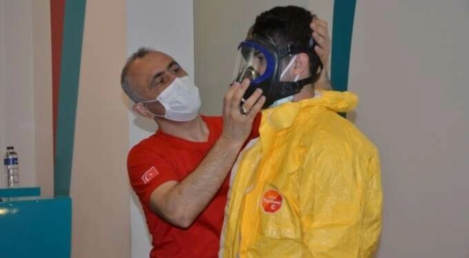 Ayrıca dekontaminasyon ünitesinde sağlık çalışanlarının kullanacağı C ve D tipi koruyucu giysi ile ekipman kullanımı, hastaların yıkanmasında dikkat edilecek hususlar, kullanılacak araç ve gereçler uygulamalı olarak tanıtıldı.
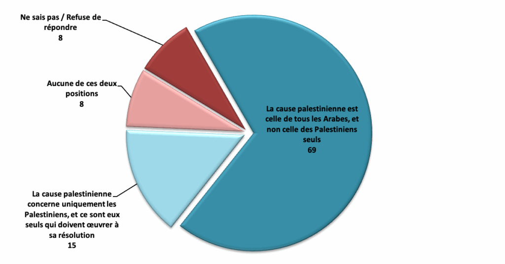 La cause palestinienne conserve une place centrale dans l’opinion publique syrienne. Près de sept Syriens sur dix (69 %) affirment qu’il s’agit de « la question de tous les Arabes et pas seulement des Palestiniens », tandis que 15 % estiment qu’elle concerne exclusivement le peuple palestinien.
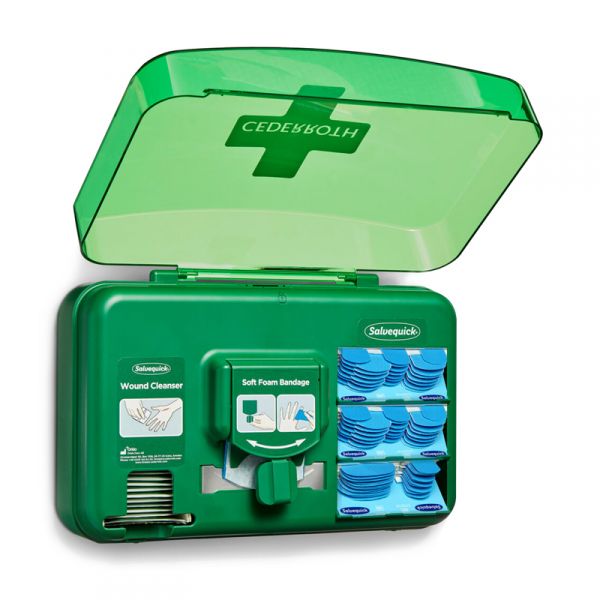 Satur Soft Foam Bandage Blue, pašlīmējošus plāksterus, kas turas pat ūdenī. Dozatorā ir arī brūču salvetes un lielāks skaits dažādu izmēru plāksteru. Brūču aprūpes dozators ir gudrs pirmās palīdzības stacijas papildinājums, un to var novietot netālu no vietas, kur pastāv risks gūt ievainojumus. Putekļu aizsargvāciņš uztur saturu tīru, un dozators tiek uzpildīts, izmantojot komplektācijā iekļauto uzpildes atslēgu.
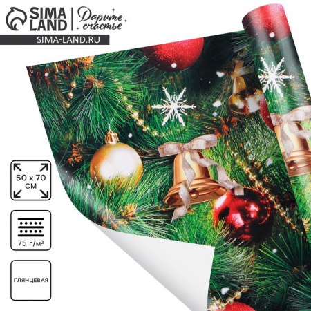 Упаковочная бумага на новый год «Праздник у ёлки», 50?70 см, глянцевая (арт. 7795181)
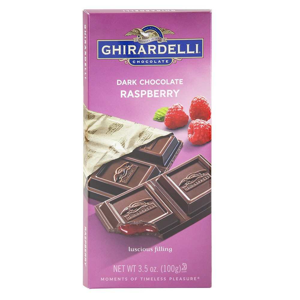 - The manufacturer of Dark Chocolate Raspberry is Ghirardelli.
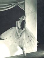 Trained in Paris by Preobrajenska, Toumanova was one of Balanchine's Baby Ballerinas and a close colleague of Léonide Massine. She made her debut in the children's ballet L'Éventail de Jeanne. Nicknamed The Black Pearl of the Russian Ballet, she performed in Balanchine's Le Bourgeois Gentilhomme and Le Palais de Cristal. She appeared in Hollywood films, including The Private Life of Sherlock Holmes, Tonight We Sing (playing Anna Pavlova), Deep in My Heart, Days of Glory, and Alfred Hitchcock's Torn Curtain. |
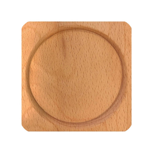 Dessous de verre carré en bois de hêtre avec emplacement rond gravé
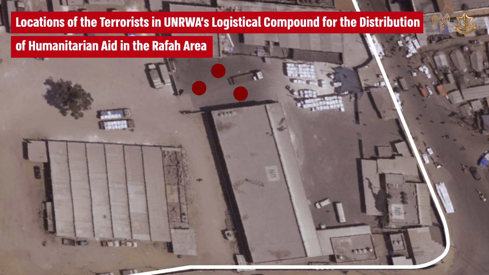 During IDF operational activity in eastern Rafah on Saturday, terrorists were identified in UNRWA’s central logistics compound alongside UN vehicles.
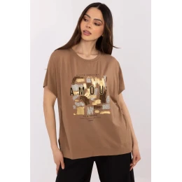 Klasická dámská košile ideální na každodenní stylizace. Vyrobena z vysoce kvalitní směsi bavlny a elastanu, zaručuje pohodlí nošení a volnost pohybu. Model s standardní délkou, s krátkým rukávem a klasickým, kulatým výstřihem, se skvěle hodí do mnoha každodenních outfitů. Košili zdobí efektní potisk obohacený aplikací a drobnými flitry, které dodávají celku jemný lesk a moderní charakter. Ideální volba pro ženy, které rády kombinují pohodlí se subtilními, módními detaily.
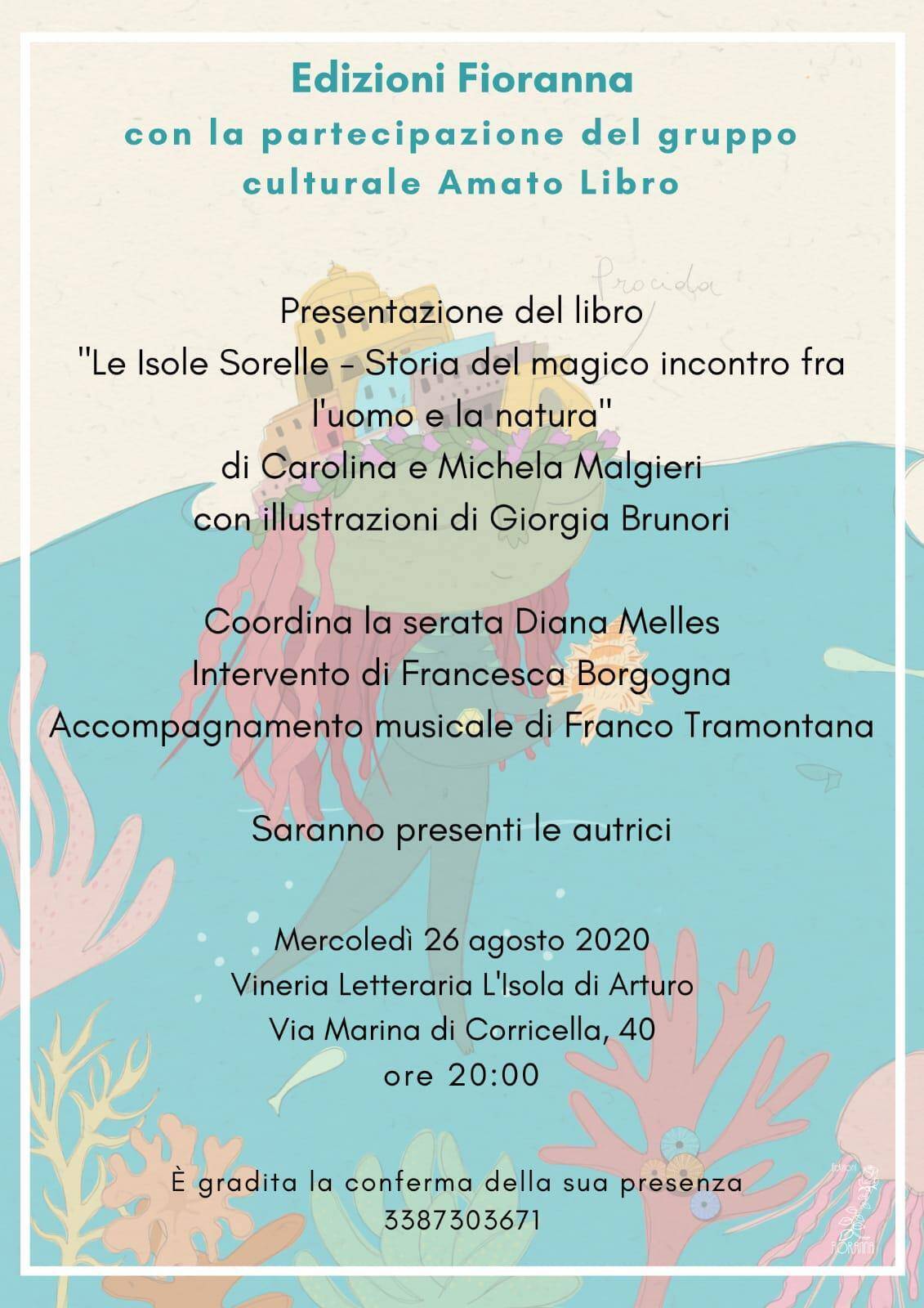 PROCIDA – Mercoledì 26 agosto alle ore 20,00 presso la Vineria Letteraria Isola di Arturo, nel borgo dei pescatori a Marina Corricella 40, la casa editrice Edizioni Fioranna con la partecipazione del gruppo culturale Amato Libri presentano il libro: “Le isole sorelle – Storia del magico incontro fra l’uomo e la natura” scritto da Carolina e Michela Malgieri con illustrazioni di Giorgia Brunoni. Con la presenza delle autrici, coordina la serata Diana Melles, intervento di Francesca Borgogna, accompagnamento musicale di Franco Tramontana. E’ gradita la conferma della presenza al numero di telefono 3387303671.
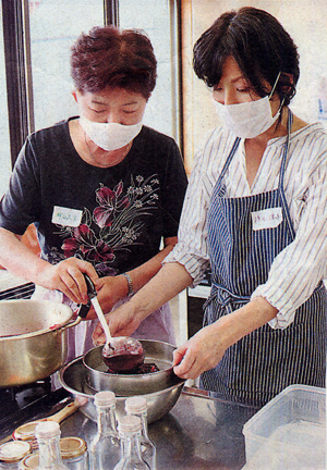 気分転換の場を提供しようと、同センターが主催した。子育て中の母親など約15人が参加。市内で受注生産のパン店を経営する国際中医薬膳師の井口美穂さん(H8卒)が講師を務めた。井口さんはコーディアルの調理法を指導するとともに、ハイビスカスやローズヒップなど各種ハーブの効能を紹介した。

Activity
Transcribe all lines above exactly, skipping pictures.

Output for this exercise
 Ayrıca dekontaminasyon ünitesinde sağlık çalışanlarının kullanacağı C ve D tipi koruyucu giysi ile ekipman kullanımı, hastaların yıkanmasında dikkat edilecek hususlar, kullanılacak araç ve gereçler uygulamalı olarak tanıtıldı.
 La cause palestinienne conserve une place centrale dans l’opinion publique syrienne. Près de sept Syriens sur dix (69 %) affirment qu’il s’agit de « la question de tous les Arabes et pas seulement des Palestiniens », tandis que 15 % estiment qu’elle concerne exclusivement le peuple palestinien.
 Satur Soft Foam Bandage Blue, pašlīmējošus plāksterus, kas turas pat ūdenī. Dozatorā ir arī brūču salvetes un lielāks skaits dažādu izmēru plāksteru. Brūču aprūpes dozators ir gudrs pirmās palīdzības stacijas papildinājums, un to var novietot netālu no vietas, kur pastāv risks gūt ievainojumus. Putekļu aizsargvāciņš uztur saturu tīru, un dozators tiek uzpildīts, izmantojot komplektācijā iekļauto uzpildes atslēgu.
 Упаковочная бумага на новый год «Праздник у ёлки», 50?70 см, глянцевая (арт. 7795181)
 - The manufacturer of Dark Chocolate Raspberry is Ghirardelli.
 Trained in Paris by Preobrajenska, Toumanova was one of Balanchine's Baby Ballerinas and a close colleague of Léonide Massine. She made her debut in the children's ballet L'Éventail de Jeanne. Nicknamed The Black Pearl of the Russian Ballet, she performed in Balanchine's Le Bourgeois Gentilhomme and Le Palais de Cristal. She appeared in Hollywood films, including The Private Life of Sherlock Holmes, Tonight We Sing (playing Anna Pavlova), Deep in My Heart, Days of Glory, and Alfred Hitchcock's Torn Curtain. |
 Dessous de verre carré en bois de hêtre avec emplacement rond gravé
 During IDF operational activity in eastern Rafah on Saturday, terrorists were identified in UNRWA’s central logistics compound alongside UN vehicles.
 Klasická dámská košile ideální na každodenní stylizace. Vyrobena z vysoce kvalitní směsi bavlny a elastanu, zaručuje pohodlí nošení a volnost pohybu. Model s standardní délkou, s krátkým rukávem a klasickým, kulatým výstřihem, se skvěle hodí do mnoha každodenních outfitů. Košili zdobí efektní potisk obohacený aplikací a drobnými flitry, které dodávají celku jemný lesk a moderní charakter. Ideální volba pro ženy, které rády kombinují pohodlí se subtilními, módními detaily.
 PROCIDA – Mercoledì 26 agosto alle ore 20,00 presso la Vineria Letteraria Isola di Arturo, nel borgo dei pescatori a Marina Corricella 40, la casa editrice Edizioni Fioranna con la partecipazione del gruppo culturale Amato Libri presentano il libro: “Le isole sorelle – Storia del magico incontro fra l’uomo e la natura” scritto da Carolina e Michela Malgieri con illustrazioni di Giorgia Brunoni. Con la presenza delle autrici, coordina la serata Diana Melles, intervento di Francesca Borgogna, accompagnamento musicale di Franco Tramontana. E’ gradita la conferma della presenza al numero di telefono 3387303671.
 気分転換の場を提供しようと、同センターが主催した。子育て中の母親など約15人が参加。市内で受注生産のパン店を経営する国際中医薬膳師の井口美穂さん(H8卒)が講師を務めた。井口さんはコーディアルの調理法を指導するとともに、ハイビスカスやローズヒップなど各種ハーブの効能を紹介した。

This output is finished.